Self-esteem is the keystone to self-confidence and happiness and begins in early childhood. Imagine what would happen if you constantly criticised your child. By the time they reached their teens they would be plagued with relentless self-doubt and probably exhibit behavioural problems. On the other hand if you support and praise your child you will reap untold rewards; your child will grow up feeling confident, optimistic and resilient.

Here are a few tips on how to foster self-esteem in your children:

Show your love

  • If your child has done something wrong explain why it’s wrong rather than assume that they know.
  • If you yell or lose your temper, it is important to say sorry afterwards – nobody is perfect and it’s good for your child to know that you can make mistakes too.
  • Make sure that you celebrate achievements but take equal care to discuss failures too. If you child does badly on a spelling test, rather than showing pity or saying it doesn’t matter, explain how to improve for next time.
  • Spend time together – play games or read books. Your child needs to know that you relish and enjoy your joint activities.
  • Unconditional love builds a strong foundation for confidence. 

Responsibilities

  • Give your child small tasks to do – the aim is to ask for their help and then praise their efforts.
  • Stars on a chore chart are a simple way to show appreciation and reward effort.
  • Choose tasks that your child is capable of managing – we are aiming to boost confidence not dash it. Setting the table for dinner would be a good example of a useful and helpful task.
  • If you have a family pet encourage your child to be involved in the care – grooming the dog or making sure that the rabbit has fresh water every day are ideal. Knowing that their efforts are making the animal happy and healthy is a great boost to morale.
  • Step back and let your child take a few risks, make choices and solve problems- even if it’s only about what to wear or eat. Giving your child some power will help them to discover the consequences of making a mistake and having to rectify it sometimes.

Encouragement

  • Help your child to work out what kind of skills and qualities they have. Value those skills whilst also teaching your child that being good at football or ballet doesn’t make them better than others. Teach that we all have our own qualities and abilities.
  • Participation in sport is great for your child for many reasons, not only because they are getting exercise and fresh air, but also because they are practising skills, learning rules and team spirit. Don’t just praise goals and wins – a neatly executed pass during a game is also praiseworthy.
  • Learning a musical instrument is a good way to build confidence. We are not talking about virtuoso concerts here just the personal sense of achievement in mastering skills and improving upon them step by step.
  • Reassure your child that it’s OK not to be able to do everything perfectly and that some things take years of practice.
  • Encourage your children but remember that participation rather than perfection is the goal.

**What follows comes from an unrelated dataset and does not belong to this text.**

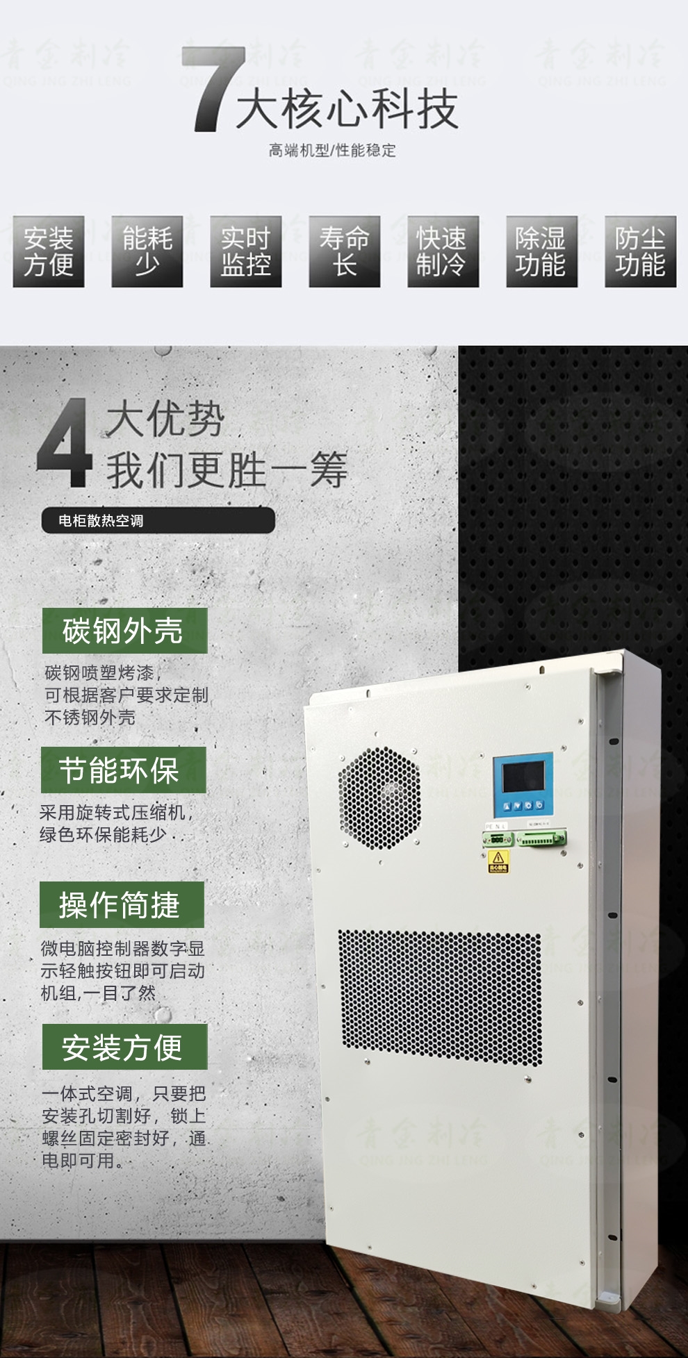 电柜用空调有什么特点呢?跟着青金制冷空调厂家,一起了解下电柜空调的特点吧:

Why not be your child’s biggest fan and let him or her feel great about their efforts. If your child fails at something, be there to support them. Resilience is built from learning that sometimes you have to pick yourself up and try again in order to succeed. If you are there to provide the emotional support your child will become ever more resilient and will strive to continue to achieve. Growing up with healthy self-esteem will promote good mental health and personal growth.